Integrated services: This is more than just collaboration between the two companies. At InterConnect IBM announced a deal to integrate VMware SDDC models and deploy them on the cloud. It is likely it will now support SAP’s application design processes as well.

Industry-specific road maps: This is a given as both companies have been focused on this for some time. What will be of interest is how IBM, in particular, balances its own vertical cloud business with SAP. There are several areas where there is clear application overlap and only when we see what the press release calls: “co-create[d] digital transformation road maps by industry and by C-suite role” will we know what to expect.

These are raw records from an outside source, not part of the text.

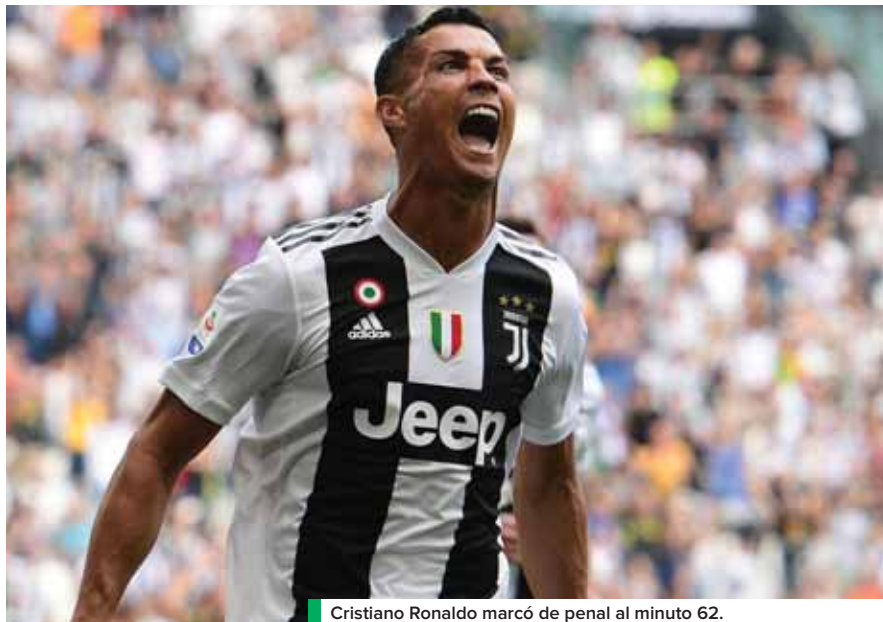
Cristiano Ronaldo marcó de penal al minuto 62.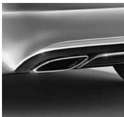
Dvocevna izpušna naprava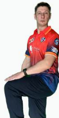
ЛЕГ БАЙ ОЧКИ БЫЛИ ВЗЯТЫ, ПОСЛЕ КАСАНИЯ ТЕЛА БЕТСМЕНА, НО НЕ БИТЫ. В ПРОТОКОЛ ЗАНОСЯТСЯ ДААННЫЕ ДЛЯ КОМАНДЫ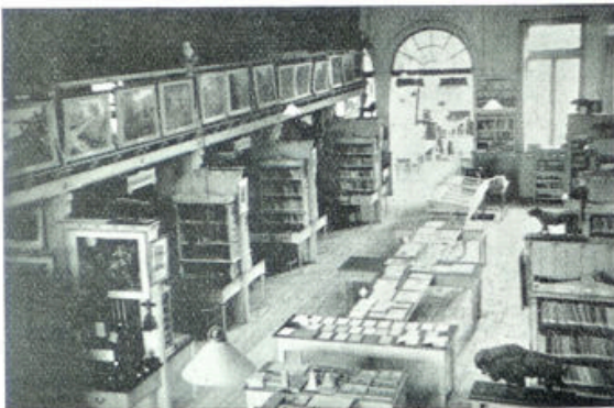
Een overzichtsfoto van de groote zaal, op den achtergrond de leeszaal.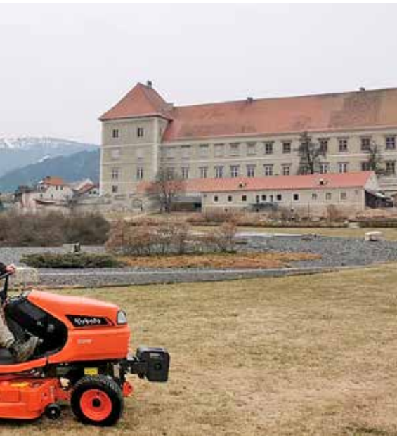
auf dem neuen Rasentraktor.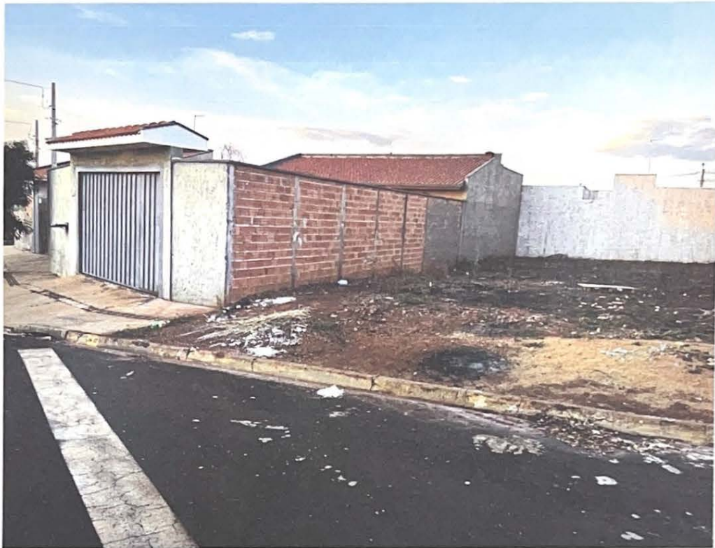
Imagem lateral do imóvel, facilitando ver a parte construída.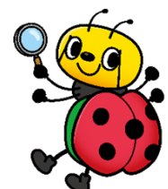
植物防疫所公式キャラクター「ぴーきゅん」

(お願い)消費者の部屋にご来場される際は、新型コロナウイルス感染症拡大防止の観点から、マスクのご着用をお願いします。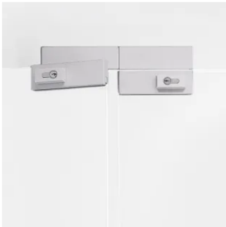
Mittel- und Eckschlösser SG

Rob Enslin, member of the Executive Board of SAP SE and president of Global Customer Operations, SAP
Rob Enslin, member of the Executive Board of SAP SE and president of Global Customer Operations, SAP

Rob Enslin, member of the Executive Board of SAP SE and president of Global Customer Operations, SAP said: “Today’s announcement builds on SAP’s commitment to enable strong, growing businesses that can seize the amazing opportunities of the digital economy.

“SAP S/4HANA is the reimagined suite of core business applications that has once again set the standard for the industry. I’m delighted that IBM and SAP will collaborate closely to give customers a clear roadmap to innovating new business models and outcomes that were never before possible.”

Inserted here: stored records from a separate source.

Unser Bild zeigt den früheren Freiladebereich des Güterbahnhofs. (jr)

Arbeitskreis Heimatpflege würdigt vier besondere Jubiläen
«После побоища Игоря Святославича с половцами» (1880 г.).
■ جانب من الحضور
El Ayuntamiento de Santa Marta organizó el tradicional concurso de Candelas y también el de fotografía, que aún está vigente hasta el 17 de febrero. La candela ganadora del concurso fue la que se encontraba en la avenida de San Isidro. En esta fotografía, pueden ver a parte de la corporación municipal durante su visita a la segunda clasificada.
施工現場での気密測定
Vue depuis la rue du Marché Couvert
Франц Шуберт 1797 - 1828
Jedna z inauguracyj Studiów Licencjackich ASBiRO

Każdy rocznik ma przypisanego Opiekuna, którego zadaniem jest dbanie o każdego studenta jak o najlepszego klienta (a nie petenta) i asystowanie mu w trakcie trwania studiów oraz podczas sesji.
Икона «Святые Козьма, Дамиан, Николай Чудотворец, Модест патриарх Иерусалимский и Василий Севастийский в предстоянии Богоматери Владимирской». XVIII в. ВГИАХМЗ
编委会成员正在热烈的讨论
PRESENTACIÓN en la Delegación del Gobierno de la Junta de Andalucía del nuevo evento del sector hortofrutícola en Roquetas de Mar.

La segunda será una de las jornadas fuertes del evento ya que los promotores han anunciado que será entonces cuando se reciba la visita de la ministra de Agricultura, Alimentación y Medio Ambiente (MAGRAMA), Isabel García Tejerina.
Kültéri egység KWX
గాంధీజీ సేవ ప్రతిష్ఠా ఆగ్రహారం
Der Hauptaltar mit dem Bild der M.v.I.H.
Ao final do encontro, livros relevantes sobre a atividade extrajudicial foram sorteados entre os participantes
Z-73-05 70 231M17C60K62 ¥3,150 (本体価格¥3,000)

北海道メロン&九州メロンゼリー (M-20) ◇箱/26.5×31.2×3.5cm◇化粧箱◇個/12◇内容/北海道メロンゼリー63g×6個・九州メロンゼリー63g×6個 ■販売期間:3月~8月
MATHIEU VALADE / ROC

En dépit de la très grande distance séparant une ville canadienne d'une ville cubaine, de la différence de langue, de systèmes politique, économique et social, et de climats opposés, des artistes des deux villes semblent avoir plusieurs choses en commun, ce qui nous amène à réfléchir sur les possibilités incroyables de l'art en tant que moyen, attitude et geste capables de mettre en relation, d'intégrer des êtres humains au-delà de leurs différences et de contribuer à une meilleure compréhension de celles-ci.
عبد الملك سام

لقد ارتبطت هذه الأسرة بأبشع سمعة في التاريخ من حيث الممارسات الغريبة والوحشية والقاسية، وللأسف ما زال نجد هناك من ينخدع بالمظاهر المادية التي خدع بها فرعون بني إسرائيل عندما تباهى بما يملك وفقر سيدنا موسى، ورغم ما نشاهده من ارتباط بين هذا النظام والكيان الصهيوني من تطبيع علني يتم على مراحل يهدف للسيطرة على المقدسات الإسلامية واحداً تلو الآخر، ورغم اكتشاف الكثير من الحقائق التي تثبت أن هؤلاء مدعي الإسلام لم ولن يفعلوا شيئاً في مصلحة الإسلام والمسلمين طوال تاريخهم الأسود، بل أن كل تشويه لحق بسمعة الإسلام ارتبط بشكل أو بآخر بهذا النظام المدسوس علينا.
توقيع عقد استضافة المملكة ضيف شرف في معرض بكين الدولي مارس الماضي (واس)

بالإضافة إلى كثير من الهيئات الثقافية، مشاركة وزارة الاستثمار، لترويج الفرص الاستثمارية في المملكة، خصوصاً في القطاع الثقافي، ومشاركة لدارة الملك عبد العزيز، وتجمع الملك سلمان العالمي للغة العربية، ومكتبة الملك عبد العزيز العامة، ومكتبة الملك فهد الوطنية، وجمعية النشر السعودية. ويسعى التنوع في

Cognitive without Watson is like Sherlock going solo

The major surprise is the lack of mention of IBM Watson and IBM Bluemix. Both of these have a major part to play especially as the focus is on cognitive solutions and developers. Will we see SAP HANA or SAP S/4HANA as deployment targets from Bluemix? Will we see SAP and IBM port a range of SAP API’s into Bluemix Local for corporate clients? Perhaps the next IBM Bluemix Garage will be in Walldorf with a focus on start-ups around IBM and SAP?

With both companies focused on the Internet of Things, it will certainly be interesting to see what happens at the Watson IoT Global Headquarters which IBM has based in Munich, Germany. Will IBM give SAP a direct line into the team there? It would certainly make sense, especially as IoT in retail, travel and other sectors is also about UX and customer service.

Conclusion

No surprise that IBM and SAP are getting closer together. SAP has become a skilled operator when it comes to having multiple alliances around SAP HANA and its related products. It has worked not only with IBM but also Huawei and other hardware vendors to drive new hardware platforms capable of delivering solutions with very large memory pools.

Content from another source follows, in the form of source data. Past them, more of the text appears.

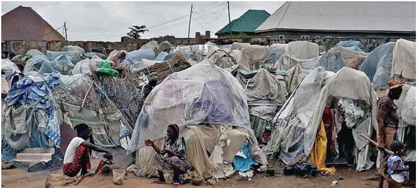
Alojamientos temporales improvisados en un campamento no oficial junto a Ichwa, al norte de Makurdi.

contra los cristianos. Según él, el objetivo de los yihadistas es “islamizar todas las regiones mayoritariamente cristianas”. Con el fin de ofrecer ayuda profesional a los cristianos que han vivido muy de cerca esos brutales actos violentos, ACN participa en la financiación del “Centro de recursos humanos y capacitación para la curación de traumas” de la diócesis de Maiduguri, donde las personas traumatizadas podrán recibir atención psicológica y espiritual.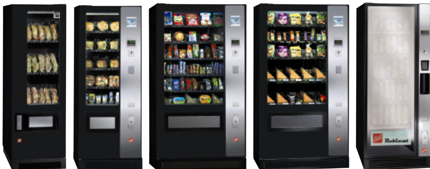
SP 1300 LM

Un groupe froid performant garantit la conservation optimale des produits frais à une température inférieure à +4°C. Le système de ventilation spécial de la version 2T permet une séparation en deux zones de température : une zone inférieure à +4°C sur les 2 ou 3 plateaux inférieurs, et une zone comprise entre +12 et +18°C sur les plateaux supérieurs. En cas de dépassement de la température, la zone des produits frais se déconnecte automatiquement, garantissant ainsi, non seulement, le respect des consignes en vigueur en matière d'hygiène, mais aussi la protection de la santé des clients.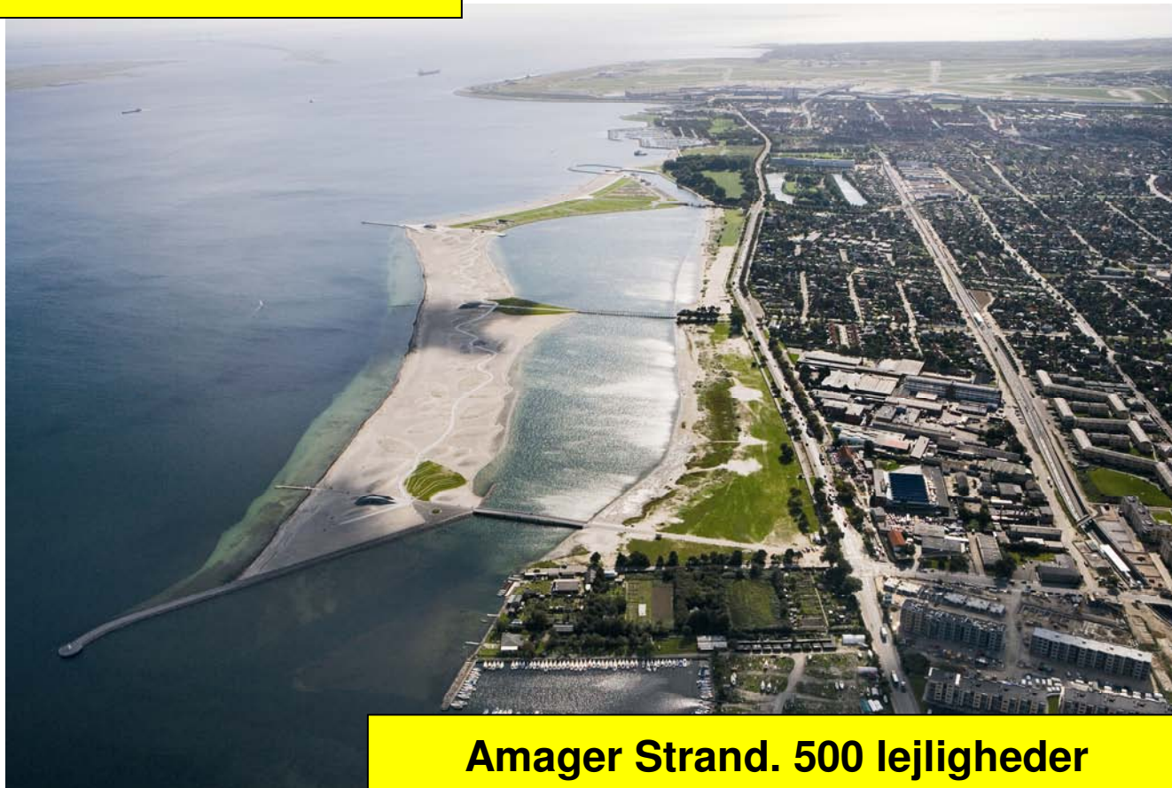
Amager Strand. 500 lejligheder

This announcement to tie ever more closely into IBM’s Power team should help deliver new acceleration around SAP HANA. Surprisingly, SAP is not a member of the OpenPOWER Foundation but it will be interested in the application accelerators that have been announced this week especially as many will have a benefit for real-time data analytics on IBM Power Systems.

It will also be interesting to see how quickly this announcement ties back to the new IBM cloud data and analytics marketplace for developers. That announcement came in February and it is easy to see how it could be extended here to include both IBM and SAP partners. Alternatively, SAP could deploy a subset of that announcement into its own partner network programme.